Deborah A. Miranda
An enrolled member of the Ohlone-Costanoan Esselen Nation of California, poet Deborah Miranda was born in Los Angeles to an Esselen/Chumash father and a mother of French ancestry. She grew up in Washington State, earning a BS in teaching moderate special-needs children from Wheelock College in 1983 and an MA and PhD in English from the University of Washington. Miranda’s collections of poetry include Raised by Humans (2015); Indian Cartography: Poems (1999), winner of the Diane Decorah Memorial First Book Award from the Native Writers’ Circle of the Americas; and The Zen of La Llorona (2005), nominated for a Lambda Literary Award. Miranda also received the 2000 Writer of the Year Award for Poetry from the Wordcraft Circle of Native Writers and Storytellers. Her mixed-genre collection Bad Indians: A Tribal Memoir (2013) won a Gold Medal from the Independent Publisher's Association and the PEN Oakland Josephine Miles Literary Award, and was shortlisted for the William Saroyan Award.
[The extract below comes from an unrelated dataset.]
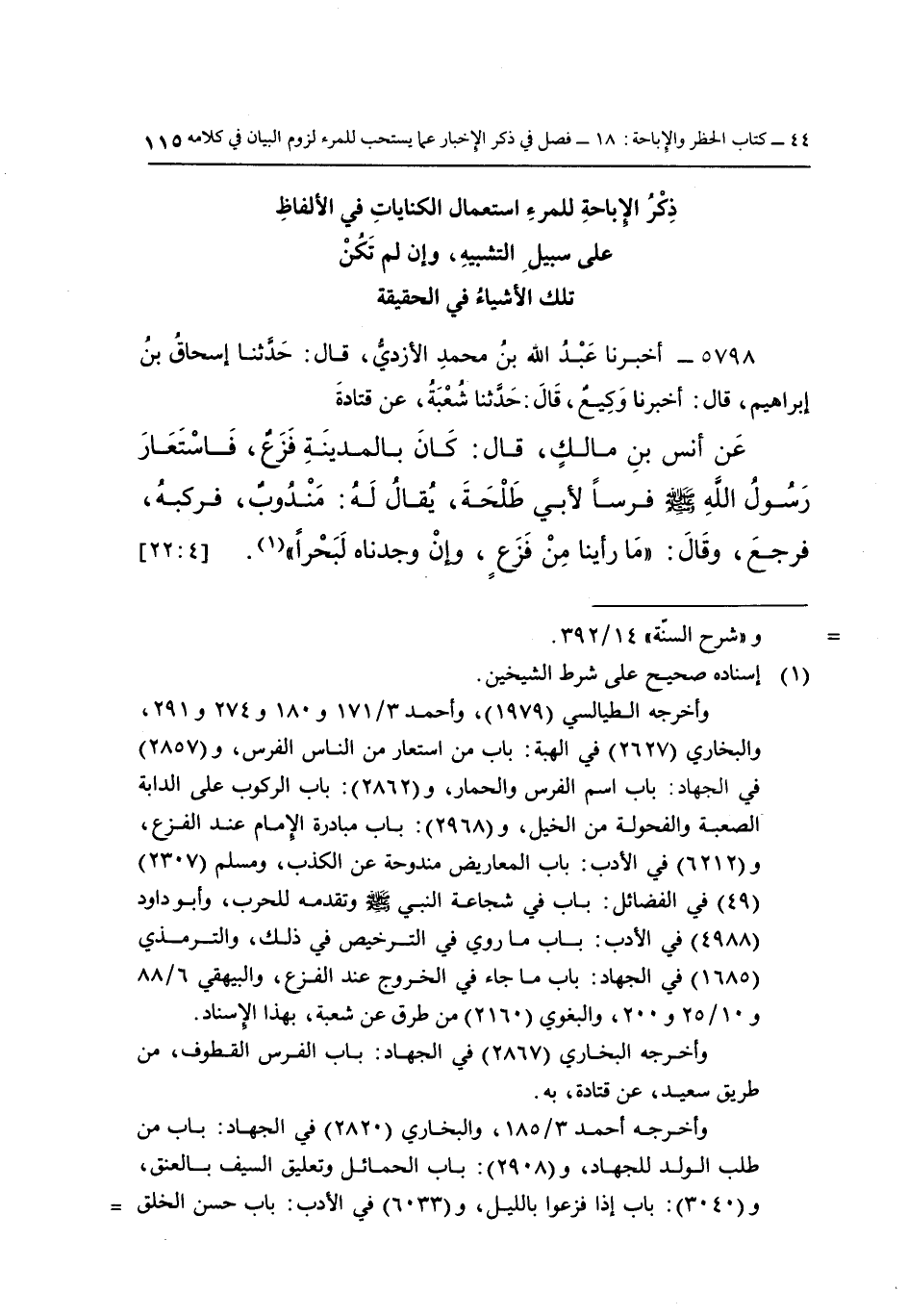 عَنْ أَنَسِ بْنِ مَالِكٍ، قَالَ: كان بِالْمَدِينَةِ فَزَعٌ فَاسْتَعَارَ رَسُولُ اللَّهِ صَلَّى اللَّهُ عَلَيْهِ وَسَلَّمَ فَرَسًا لِأَبِي طَلْحَةَ، يُقَالُ لَهُ: مَنْدُوبٌ، فَرَكِبَهُ، فَرَجَعَ، وَقَالَ: "مَا رَأَيْنَا مِنْ فزع، وان وجدناه لبحرا" 1 [22:4]

Miranda’s poetry is informed by her mixed-blood ancestry and knowledge of the natural world. Often focused around gender, her poetry treats topics such as mothering and the ability to nurture in a violent world. The Zen of Llorona references the legend of La Llorona, or the Weeping Woman, an Indian woman who bears children to a Spaniard; when betrayed, she kills the children and then lives a life of mourning.
Miranda’s work has appeared in the anthologies Through the Eye of the Deer (1999), This bridge we call home: radical visions for transformation (2002), The Dirt Is Red Here: Art & Poetry from Contemporary Native California (2002), and Women: Images and Realities—A Multicultural Anthology (2006).
She teaches English at Washington and Lee University in Lexington, Virginia.